Nutrient

  • GENERAL INFORMATION Chemical oxygen demand (COD) is an indicator test commonly used to indirectly measure the amount of organic compound pollutants in water. Most applications of COD determine the amount of organic pollutants found in surface water (e.g. lakes and rivers) or wastewater. Elevated COD levels can indicate surface water influences directly on groundwater.

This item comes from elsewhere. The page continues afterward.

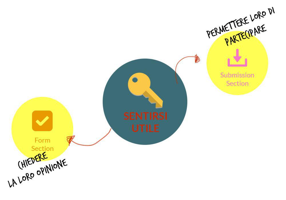 - Sezione del Modulo: ideale per raccogliere le idee direttamente alla fonte. Quindi puoi immaginare di offrire un modulo per ogni problema riscontrato che richiede il parere di un vasto pubblico (ambiente di lavoro, qualità della mensa, tutto è immaginabile a seconda del tipo di attività).

  • GENERAL INFORMATION Nitrates (NO3) in drinking water usually originates from fertilizers or from animal or human wastes. Nitrate concentrations in water tend to be highest in areas of intensive agriculture or where there is a high density of septic systems. HEALTH ADVISORY Infants below the age of six months who drink water containing nitrate in excess of the MCL could become seriously ill and, if untreated, may die. Symptoms include shortness of breath and blue baby syndrome.
  • HEALTH ADVISORY Infants below the age of six months who drink water containing nitrate in excess of the MCL could become seriously ill and, if untreated, may die. Symptoms include shortness of breath and blue baby syndrome.
  • GENERAL INFORMATION Total Kjeldahl Nitrogen or TKN is defined as total organic nitrogen and ammonia nitrogen.  Nitrogen occurs in wastewater and ground water in several forms, including inorganic forms like nitrate (NO3), nitrite (NO2), and ammonia (NH4), and organic nitrogen where the nitrogen is bound up in compounds with carbon, oxygen and hydrogen.  TKN is high in septic waste and manure.  Total nitrogen is equal to TKN plus nitrate and nitrite.
  • GENERAL INFORMATION Ammonia is rarely found in unpolluted surface water, but is common at low levels in well water.  Water contaminated with sewage, animal wastes or fertilizer runoff may contain elevated levels of ammonia.  Ammonia is very soluble in water.   Because of its solubility, excessive soil ammonia may penetrate into deeper soils and eventually reach groundwater. In some soils part of the ammonia may be converted to nitrates and nitrites before or after it reaches groundwater.    See nitrates for more information.
  • GENERAL INFORMATION Phosphorus is commonly found in soil, rocks and plants.  Phosphorus is an important fertilizer, but is also present in human and animal wastes, in sludges and in detergents. Phosphorus is relatively immobile in soil and will not reach groundwater except under certain conditions, such as transport from sewage treatment systems placed below the seasonal high water table and soils with low concentrations of iron, aluminum, and manganese.